Work required: Give again, word for word, the lines below that run from the line with "El jueves 4" through the line with "Washington Grade 3". Drop the pictures.

Available data:
<<<<

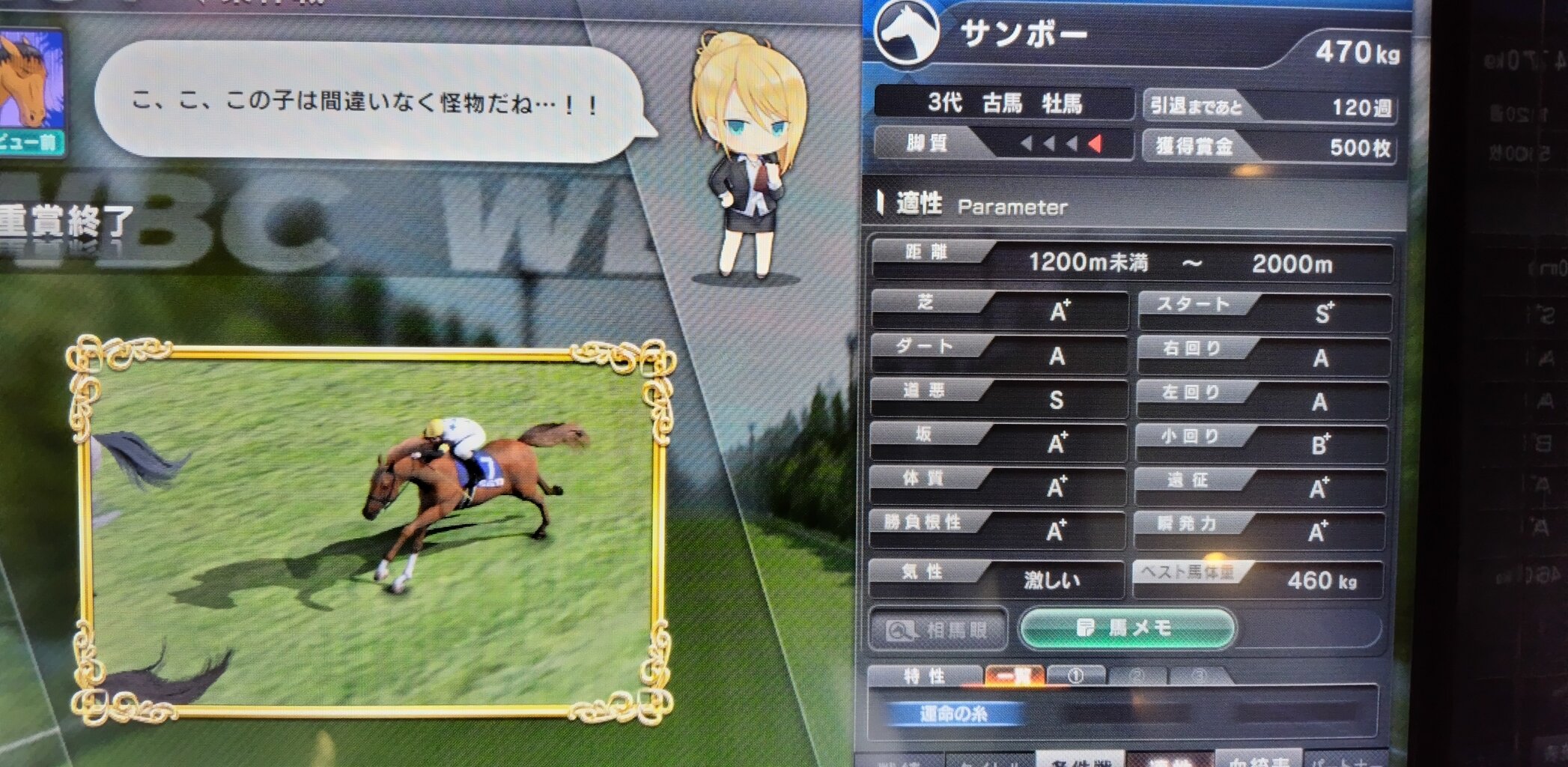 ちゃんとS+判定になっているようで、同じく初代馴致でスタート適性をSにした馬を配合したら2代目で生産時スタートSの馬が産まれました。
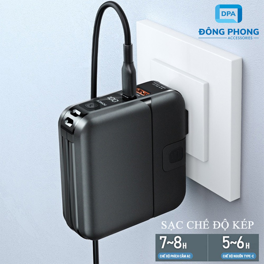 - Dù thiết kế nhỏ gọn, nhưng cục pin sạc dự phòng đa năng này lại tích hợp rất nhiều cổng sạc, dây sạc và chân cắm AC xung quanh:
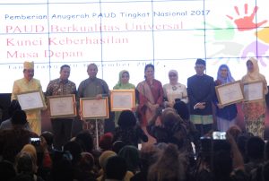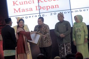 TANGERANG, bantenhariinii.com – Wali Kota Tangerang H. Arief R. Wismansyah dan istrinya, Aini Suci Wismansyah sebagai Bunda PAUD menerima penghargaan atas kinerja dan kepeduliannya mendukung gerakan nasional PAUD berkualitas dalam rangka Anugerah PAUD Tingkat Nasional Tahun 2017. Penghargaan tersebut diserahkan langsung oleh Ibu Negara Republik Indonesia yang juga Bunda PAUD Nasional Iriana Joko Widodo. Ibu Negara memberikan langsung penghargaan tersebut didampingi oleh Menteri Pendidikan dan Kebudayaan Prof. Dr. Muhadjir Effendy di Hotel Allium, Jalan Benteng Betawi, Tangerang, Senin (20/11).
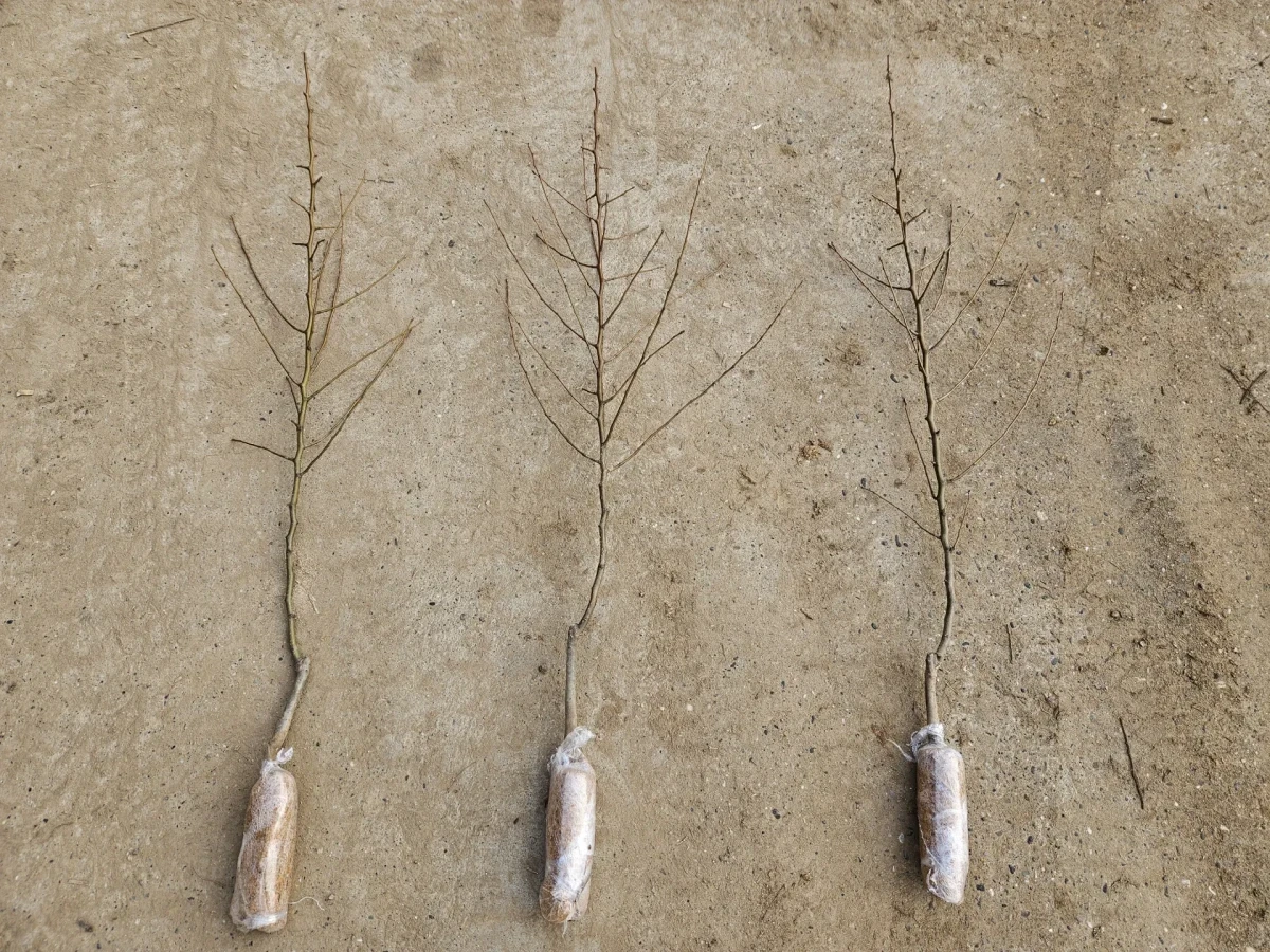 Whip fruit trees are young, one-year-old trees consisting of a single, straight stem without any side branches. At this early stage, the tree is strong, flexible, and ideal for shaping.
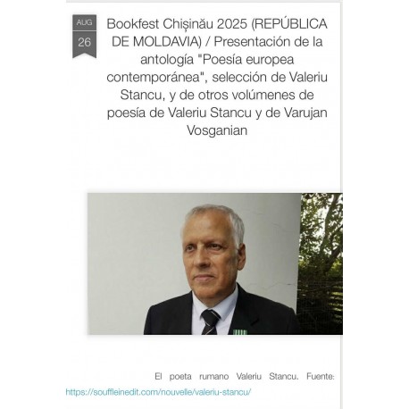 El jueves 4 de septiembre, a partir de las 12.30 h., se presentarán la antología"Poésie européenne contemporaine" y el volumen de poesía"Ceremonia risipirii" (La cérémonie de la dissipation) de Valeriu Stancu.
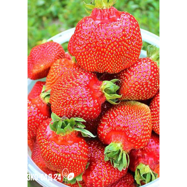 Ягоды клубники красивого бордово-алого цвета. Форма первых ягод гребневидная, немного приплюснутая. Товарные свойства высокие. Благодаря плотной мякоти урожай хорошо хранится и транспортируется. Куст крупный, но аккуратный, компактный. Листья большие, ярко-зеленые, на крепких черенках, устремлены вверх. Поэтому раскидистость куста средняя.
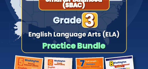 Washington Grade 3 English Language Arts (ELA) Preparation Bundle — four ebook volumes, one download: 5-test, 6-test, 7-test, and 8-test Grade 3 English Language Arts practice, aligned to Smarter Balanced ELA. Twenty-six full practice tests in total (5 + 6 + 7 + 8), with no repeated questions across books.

>>>>
<<<<

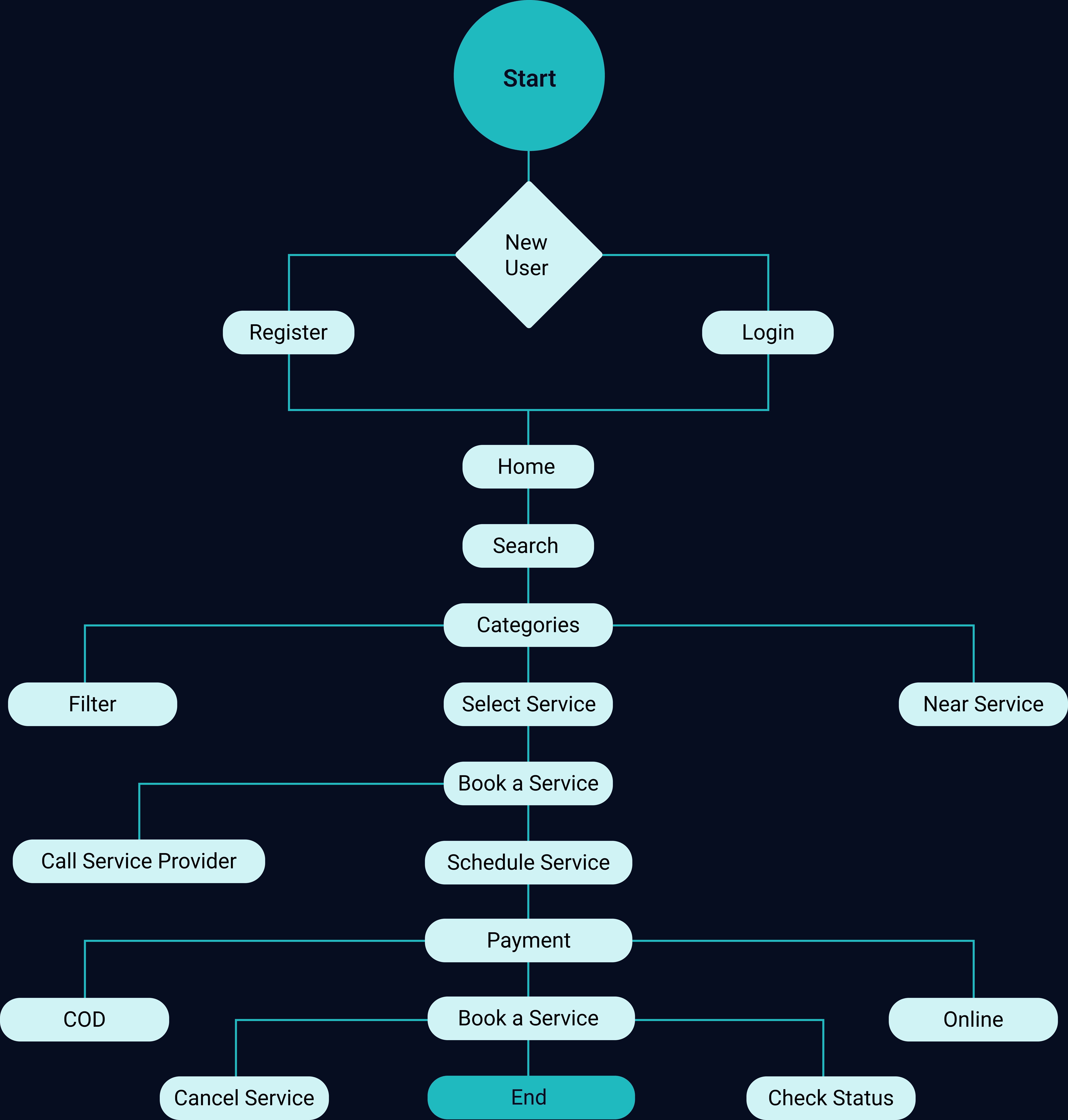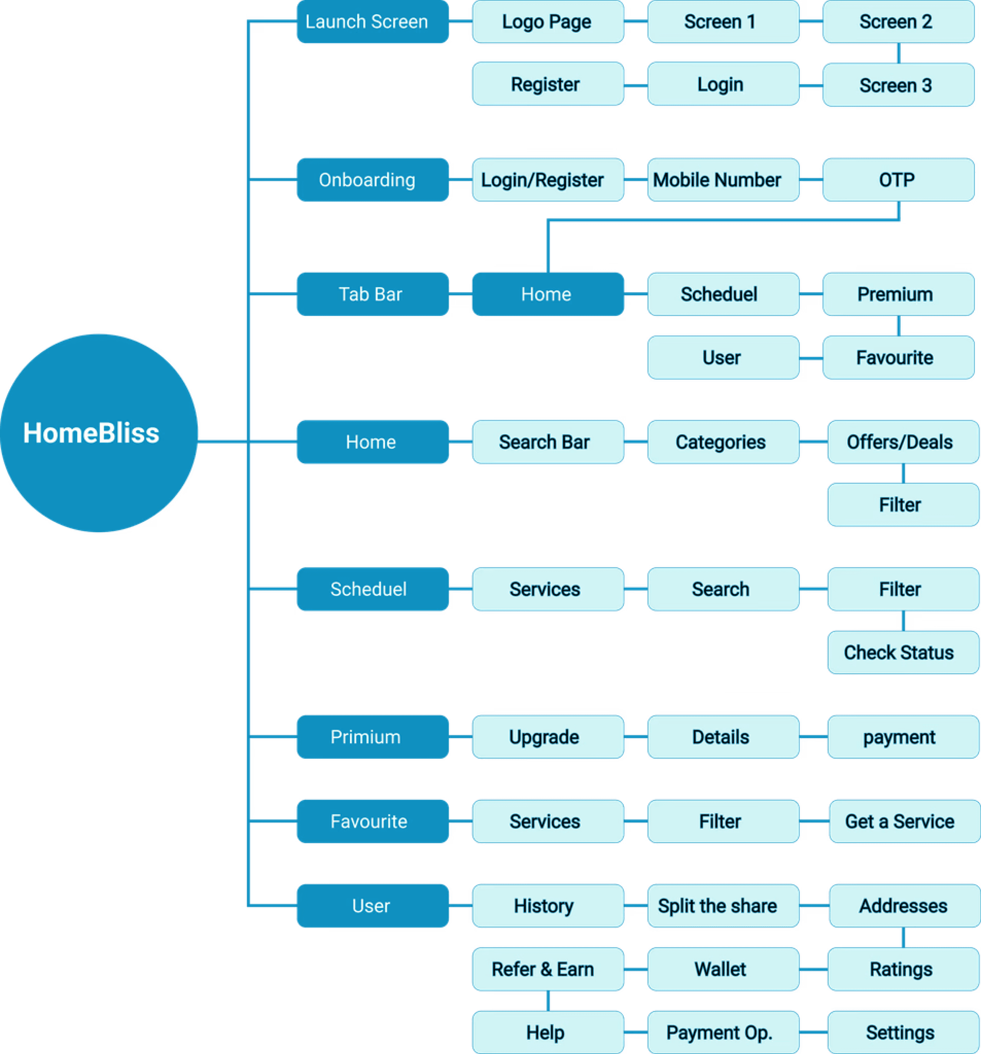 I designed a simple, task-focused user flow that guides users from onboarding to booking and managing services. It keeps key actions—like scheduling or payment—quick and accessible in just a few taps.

>>>>

Answer section:
 El jueves 4 de septiembre, a partir de las 12.30 h., se presentarán la antología"Poésie européenne contemporaine" y el volumen de poesía"Ceremonia risipirii" (La cérémonie de la dissipation) de Valeriu Stancu.
 Ягоды клубники красивого бордово-алого цвета. Форма первых ягод гребневидная, немного приплюснутая. Товарные свойства высокие. Благодаря плотной мякоти урожай хорошо хранится и транспортируется. Куст крупный, но аккуратный, компактный. Листья большие, ярко-зеленые, на крепких черенках, устремлены вверх. Поэтому раскидистость куста средняя.
 Washington Grade 3 English Language Arts (ELA) Preparation Bundle — four ebook volumes, one download: 5-test, 6-test, 7-test, and 8-test Grade 3 English Language Arts practice, aligned to Smarter Balanced ELA. Twenty-six full practice tests in total (5 + 6 + 7 + 8), with no repeated questions across books.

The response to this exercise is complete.